Завернувшись в шубы, обтянутые бархатом, одинокий путник щедро сыпал золото по пути – и дорога от Варшавы до Петербурга быстро сокращалась. Вот наконец и Стрельна, наплывает неясный гул от Кронштадта – и забилось сердце:
– О матка бозка! О дивный сон! О любовь…
На заставе дежурный офицер только что сделал очередную запись о проезжем:
«Славный портной Шоберт, готовый делать отменные корсеты, а также рвет болящие зубы, в чем искусство свое подтверждает».
Хотел было офицер у печки погреться, но снова забряцали колокольцы, вздохнули кони. Вышел. Под лунным сиянием мерзли заиндевелые возки.
– Кто едет? Что за люди? Не худые ль?
Красавец, до глаз закутанный в меха, выпростал из муфты нежную, всю в кольцах, руку и показал свиток паспорта:
– Великое посольство из Речи Посполитой, и я – посол, граф Станислав Август Понятовский…
Заскрипели шлагбаумы, пропуская путника в русскую столицу.
Совсем недавно проскочил он под ними, как изгнанный. Всего лишь секретарь британского посольства.
И вот – пади, Петербург, к моим ногам: я нунций и министр, подскарбий литовский и Орла кавалер Белого, – я возвращаюсь.
На коне и со щитом!..
В доме Елагиных еще не спали. Понятовский сбросил шубы:
– Она… здесь?
– С утра! – шепнул Иван Перфильевич (хозяин дома).
Через две ступеньки, полный нетерпения, Понятовский взлетел по лестницам, толкнул низенькие двери.
– Ах! – И две руки обвили его шею, и – слезы, слезы, слезы…
Так он вернулся. Его опять ждали советы Вильямса и любовь Екатерины. Посреди ласк, разметавшись на душных перинах, она сказала:
– Слушай, Пяст: я буду царствовать или… погибну! Но если я надену корону, то и твоя голова воссияет. Люби меня крепче, Пяст!
Однако между слов любви она шептала Понятовскому и кое-что другое – более важное. Понятовский относил ее слова в английское посольство, оттуда передавали их Митчеллу, и в Берлине, таким образом, знали о многом. Гораздо больше, чем надо!
В эти дни Вильямс сообщал в Берлин:
– Передайте королю Пруссии, что здешний канцлер Бестужев не получит от меня ни гроша более, пока не окажет нам существенных услуг, какие я от него потребую!
* * *
Близилась весна, и Фридрих готовился открыть кампанию, чтобы увеличить свои немецкие земли за счет земель немецких же!
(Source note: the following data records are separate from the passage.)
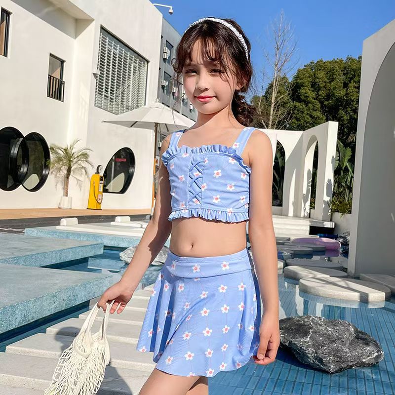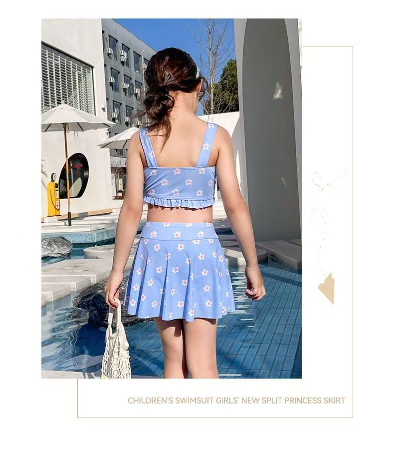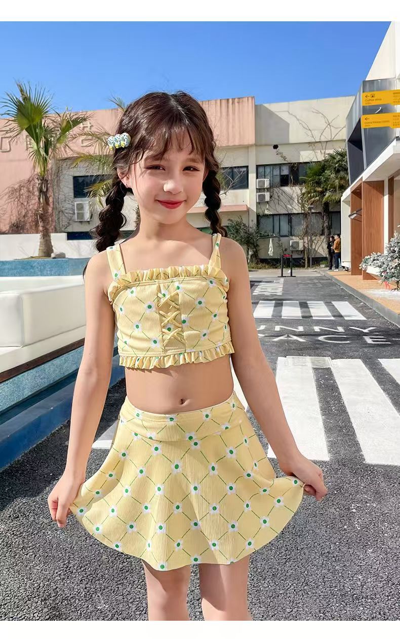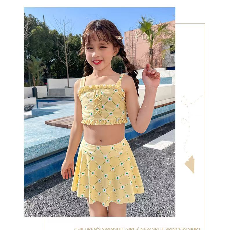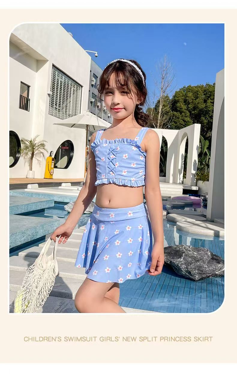 2025 새로운 어린이 수영복 소녀 중간 어린이 원피스 민소매 스커트 수영복 소녀 귀여운 5-8 세 2316
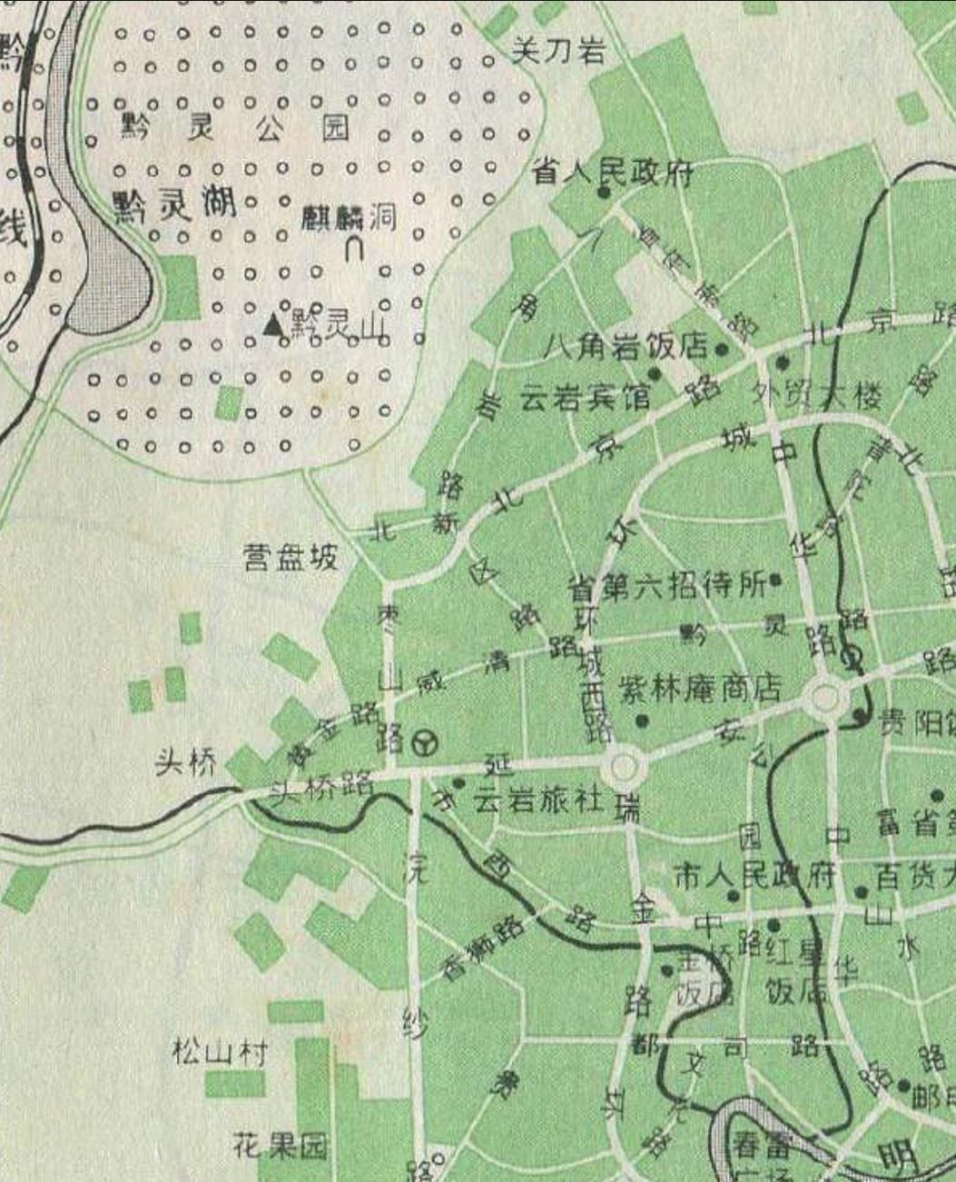 1991年的贵阳老地图,看和今日比变化多。1991 年的贵阳市区处于改革开放深入推进、城市发展转型的重要阶段,兼具省会城市的政治文化功能和山地城市的独特风貌。当时的贵阳市区范围主要涵盖云岩区、南明区两大核心城区,尚未包括后来并入的清镇市及开阳、修文、息烽等县(1996 年调整行政区划)。受限于山地地形,城市沿河谷和山间盆地紧凑布局,形成 “两山夹一谷” 的狭长形态(黔灵山、观风山环绕,南明河穿城而过)。建成区面积相对较小,主要集中在中华路、延安路沿线及喷水池、大十字等传统商业中心,向外逐渐过渡到城郊结合部的
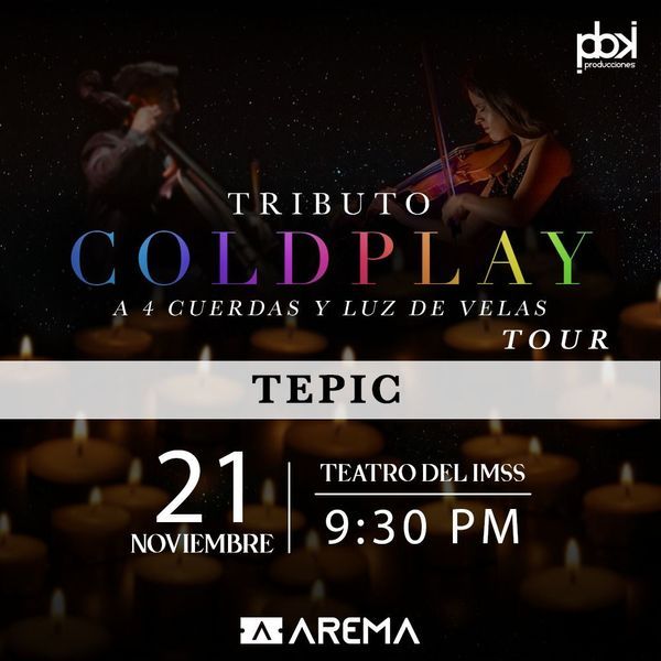 Evento único, en el cuál por medio de la luz de las velas y el sonido vibrante de 4 cuerdas, Te llevarán a un viaje relajante, emocionante y fascinante por los mejores éxitos de la banda Coldplay.
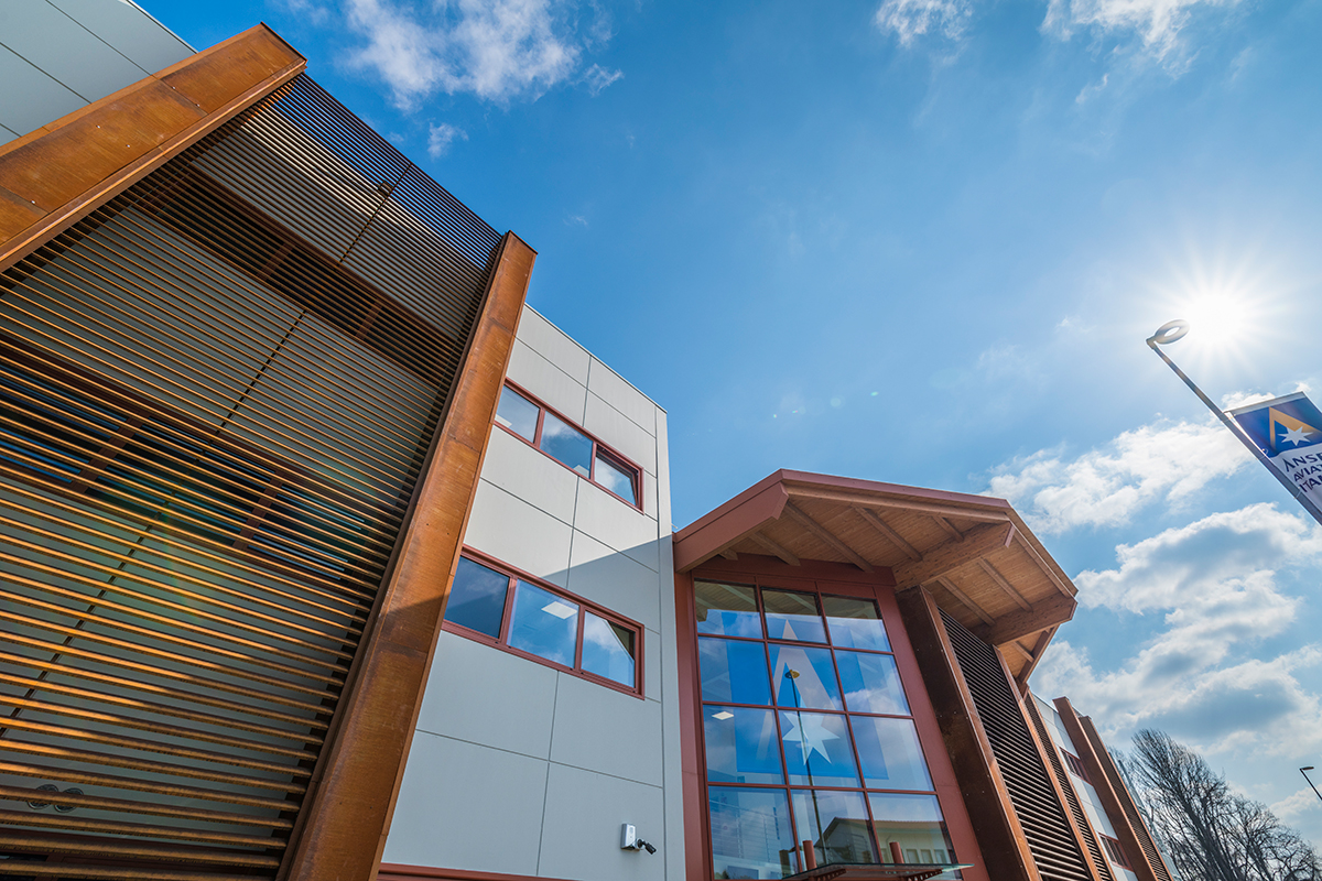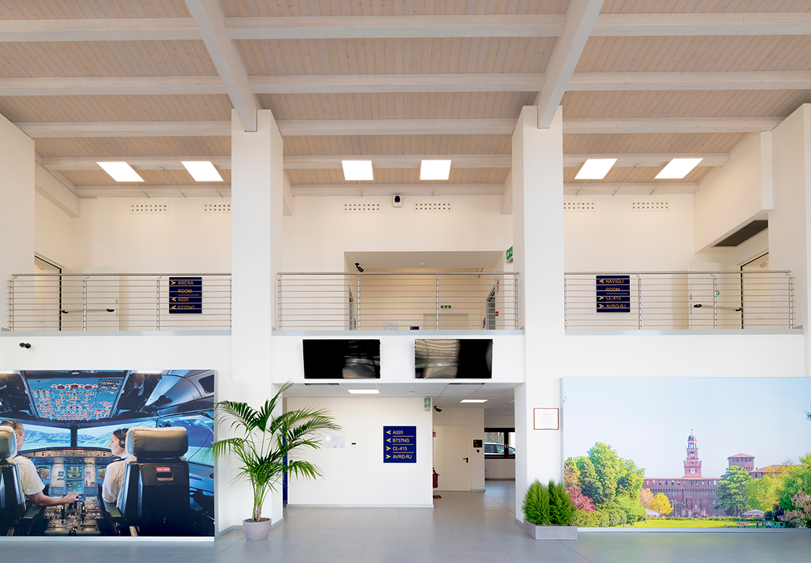 The “Training Pilot Center,” spanning approximately 3,000 m2 and housing four flight simulators along with their offices and classrooms, was built in an expansion area of the Malpensa Airport situated between the two terminals. The building, realised on a turnkey basis by Moretti Modular Contractor, integrates reinforced concrete and glulam into the prefabricated structures.

– Я ненавижу Германию с ее оболтусами-герцогами и дураками-курфюрстами, – признавался Фридрих. – Я ненавижу эту жадную и мелочную Германию, как естественную противницу моей маленькой трудолюбивой Пруссии.
Пройдет время, и Пруссия тогда станет самой Германией. Слова прусского короля Фридриха тогда обернутся словами первого германского императора Вильгельма I, который скажет сыну:
– Моему прусскому сердцу невыносимо видеть, как имя Пруссии заменяется другим именем – Германия! Заменяется именем, которое в столетиях было враждебно прусскому имени…
Но до этого еще далеко. А сейчас прусские пушки заряжены английским золотом. Фридрих воинственно сидит на полковом барабане. Кричат петухи в деревнях прусских за Потсдамом…
Карл Маркс впоследствии так писал о Фридрихе Великом:
«…всемирная история не знает второго короля, цели которого были бы так ничтожны! Да и что могло быть „великого“ в планах бранденбургского курфюрста, величаемого королем, действующего не во имя нации, а во имя своей вотчины…»
Ну ладно, читатель. Посмотрим, что будет дальше.
Путешествия по Европе опасны
Елизавета плакала над письмом недорезанного короля:
– Нешто же ему Порта магометанская дороже моей любезности?
С этим Версалем – одни обиды и недоразумения. Она, больная женщина, по дружбе просила Людовика, чтобы прислал в Петербург знаменитого Пуассонье – врачевателя по женским болезням. А король ей на это ответил, что врачей у него не хватает даже для армии. Что же получается? Солдат у него гинекологи лечат?.. Уж как хотела Елизавета, страстная театралка, чтобы «Комеди Франсэз» порадовала ее в Петербурге. Но Лекена и мадемуазель Клерон король не отпустил в Россию… «Разве так друзья поступают?»
Ото всего этого Бестужев-Рюмин вновь обретал силу.
– Матушка, – зудил он над ухом императрицы, – вишь, лягушатники… вишь, паскуды каки! Не я ли давеча остерегал тебя от Франции?.. Отнеси перышко подале, а то на трактатец ненароком чернил капнешь. А французы тогда-сь и рады стараться, твою кляксу за ратификацию сочтут!